引退後に歌手転向、八王子でカラオケスナックも営む柳田真宏氏

「巨人史上最強の5番打者」と呼ばれた男がいる。柳田真宏氏。1977年に突如ブレークし、セ・リーグ3位の打率.340、21本塁打67打点をマーク。当時の3番・張本勲氏、4番・王貞治氏の後ろを担い、猛打を振るった。ただ、この輝かしいシーズンのきっかけは、あまりにもショッキングな形でもたらされた。

 黒くて太い眉。タレントの毒蝮三太夫さんに似ていることから「マムシ」の異名を取った現役時代をほうふつさせる。引退後、歌手に転向した柳田氏は75歳となった今、東京都のJR八王子駅や京王八王子駅からほど近い飲食店街でカラオケスナック「まむし36」を経営。カウンターに立ち、客の求めに応じて美声を披露するだけでなく、手料理まで振る舞っている。

 熊本・九州学院高から1966年第1次ドラフト2位で西鉄(現西武)に外野手として入団。2年間在籍した後、巨人に移籍し左の代打の切り札として活躍したが、レギュラーの座にはなかなか手が届かなかった。

 当時コーチで親交のあった黒江透修氏に「どうして俺は先発で出られないのですか?」とこぼし、「おまえは調子がいい時に怪我をしてしまうからな」と言われ、「怪我をしなければ出られるのですか」と思わず食ってかかったこともある。1977年のシーズン前には、黒江氏の勧めで気分転換に登録名を「俊郎」から「真宏」に変えた。

 チャンスは皮肉な形でやって来た。同年のオープン戦の試合前に行われたフリー打撃。柳田氏が放った飛球が、センター最深部でキャッチボールをしていたレギュラー右翼手の末次利光氏の左目を直撃。末次氏は入院し、後遺症で視界が狭くなってしまった。入れ替わる形でシーズンに入ってから「5番・右翼」に定着したのが柳田氏だった。

「ショックでした。故意ではないとは言え、俺が打った球が5番打者に当たってしまったのですから。しかもスエさん(末次氏)は同じ熊本県出身の先輩で、キャンプでは相部屋。いろいろ相談して教えてもらっていました。休日には焼肉やステーキをごちそうになっていました」と柳田氏。ホームゲームの日には必ず、末次氏が入院している病院に寄ってから、当時の本拠地・後楽園球場へ向かった。

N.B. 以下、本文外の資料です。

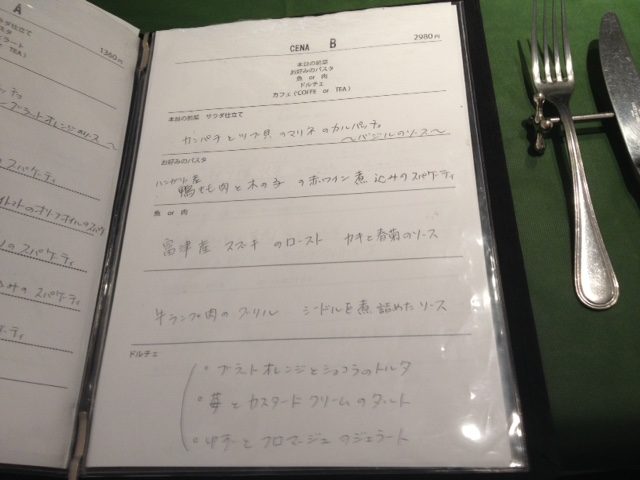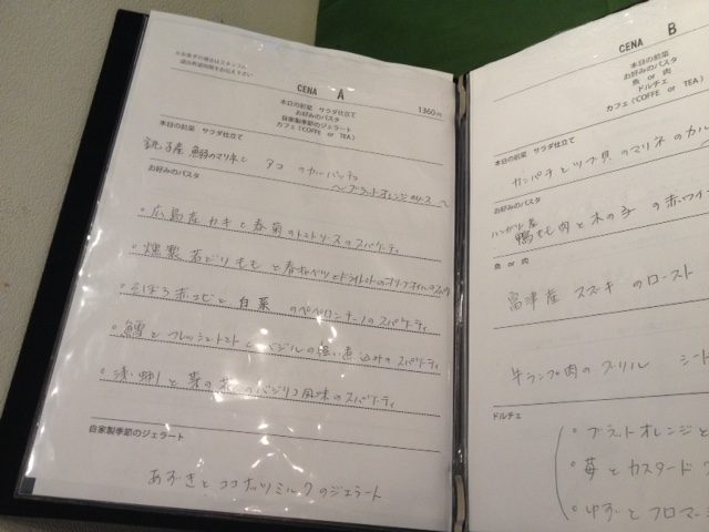 メニューはこちらAとBがありますが、Aにしました 1360円で前菜、パスタ、デザート、コーヒーがつきます
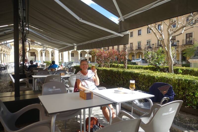 Bij dit plein vandaan zijn we gaan lopen. Eerst door brede straten en later omhoog door smalle straatjes. De lunch werd een broodje shoarma want de terrasjes zaten bomvol Spanjaarden. Was ook lekker!
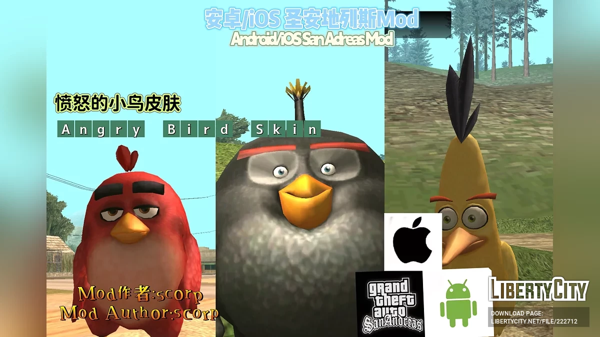 Мод заменяет трёх персонажей на птиц из Angry Birds: Truth → Красная птица; Maccer → Чёрная птица; Cesar → Жёлтая птица. Каждая модель имеет собственную текстуру и весит более 100 КБ. Установка: В ES File Explorer переименуйте .obb фа...
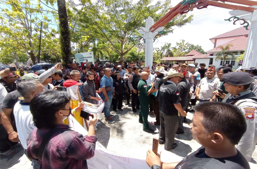 Palangka Raya-Ratusan masyarakat yang terdari dari berbagai organisasi masyarakat (Ormas) menggelar aksi di depan Kantor Agraria dan Tata Ruang, Badan Pertanahan Nasional (ATR/BPN) Palangka Raya, Rabu 29 Maret 2023.

「あれは事故だから気にするな」「怪我に感謝している」

 当時の監督は長嶋茂雄氏。打撃練習の際、ミスターが柳田氏の軸足の左足を手で押さえ、「ここに置け、ここに置いたまま打て」と言い聞かせることがあった。「僕は軸足が投手方向へ流れ、その分頭も前へ出てしまう悪い癖がありましたから」と説明する。

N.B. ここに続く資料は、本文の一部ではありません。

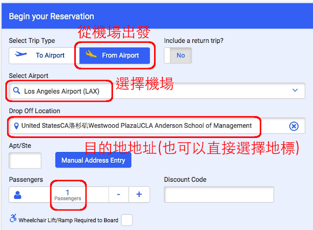 不論你人在哪裏,只要連上官網輸入上車地點和目的地(如LAX機場到UCLA),選擇車款,輸入航班資料,抵達時間,個人資料和多少行李,最後信用卡付費就完成了預定事宜。完成付款後會有一張預約單請印出隨身攜帶,因為上面有預約號碼,聯絡電話等資料,如果無法印出,也要記得把頁面拍下存在手機裡。
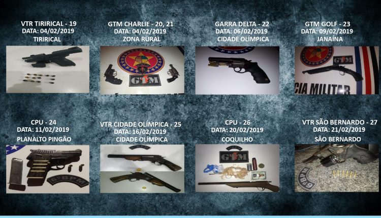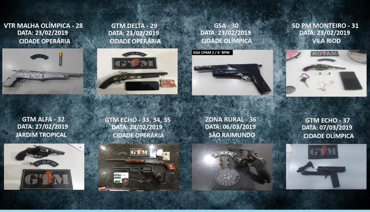 A última arma de fogo apreendida foi na Vila Geniparana dia 10 de março, um revólver calibre 38, de numeração 00485501, cinco munições, sendo uma deflagrada.
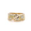 This lady’s gold quartz ring is expertly crafted in 14k yellow gold. This piece features an inlaid row of diamonds. The smooth, polished surface brilliantly reflects light, capturing attention from every angle. The photos showcase enlarged details of this piece.
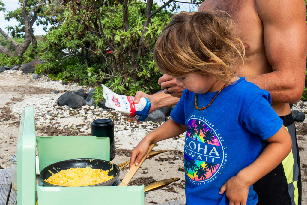 Sichere Umgebung: Achtet auf scharfe Messer und heiße Herdplatten. Erklärt die Gefahren und zeigt, wie man sicher mit Küchenutensilien umgeht. Schützt durch Aufklärung, nicht durch Verbote. Wenn ihr noch ungeübt seid, holt euch Hilfe von einer weiteren erwachsenen Person. (Diese kann auch super Fotos für euch machen.)

 1試合1打席きりの代打と違い、レギュラーはほぼ4打席以上勝負することができたが、気楽にはなれなかった。「性格的に3打数3安打でも、4打席目に凡退して終わると悔しくてしょうがなくて、朝までバットを振りました」。夜更けには3メートル先にろうそくを置いて火をつけ、ボールに見立ててバットを振った。「バットが空を切る風で火を消そうと思っていたのですが、これはなかなか消えない。それでも集中力が高まっていく気がしました」と振り返る。

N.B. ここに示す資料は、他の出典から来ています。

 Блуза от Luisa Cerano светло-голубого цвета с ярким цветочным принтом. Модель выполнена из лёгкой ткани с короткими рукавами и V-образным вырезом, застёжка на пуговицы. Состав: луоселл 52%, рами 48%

「スエさんの分も(打つ)という気持ちが強かった」と柳田氏。末次氏からはある日、「ヤナ(柳田)、もう病院に来るな。あれは事故だから気にするな」と強く言われた。

 結局5番として文句のつけようのない成績を挙げ、チームの優勝に貢献。一方で、末次氏は3試合出場にとどまり、同年限りで現役を引退した。翌年から2軍コーチ、1軍コーチ、2軍監督を歴任。フロント入りし、スカウト部長の要職も務めた。

 末次氏は「俺はあの怪我がなかったら、現役は伸びたかもしれないが、多分コーチとして球団に残ることはできなかったと思う。怪我に感謝しているよ」と笑いかけるという。柳田氏は「俺に対する気遣いで言ってくださっていることはわかっているけれど……うれしいね」と感慨深げにうなずく。

 柳田氏は翌1978年、ジョン・シピン氏が大洋(現DeNA)から移籍してきたこともあって出場機会が減り、82年には34歳で引退。それでも1977年に放ったまばゆい輝きは、今もファンの心に残っている。

 巨人のスタメン5番は昨年、大城卓三捕手の58試合、中田翔内野手(現中日)の36試合をはじめ、7人の選手が入れ替わり務めた。いまだ、「マムシ」に匹敵するインパクトを残した選手は他に思い当たらない。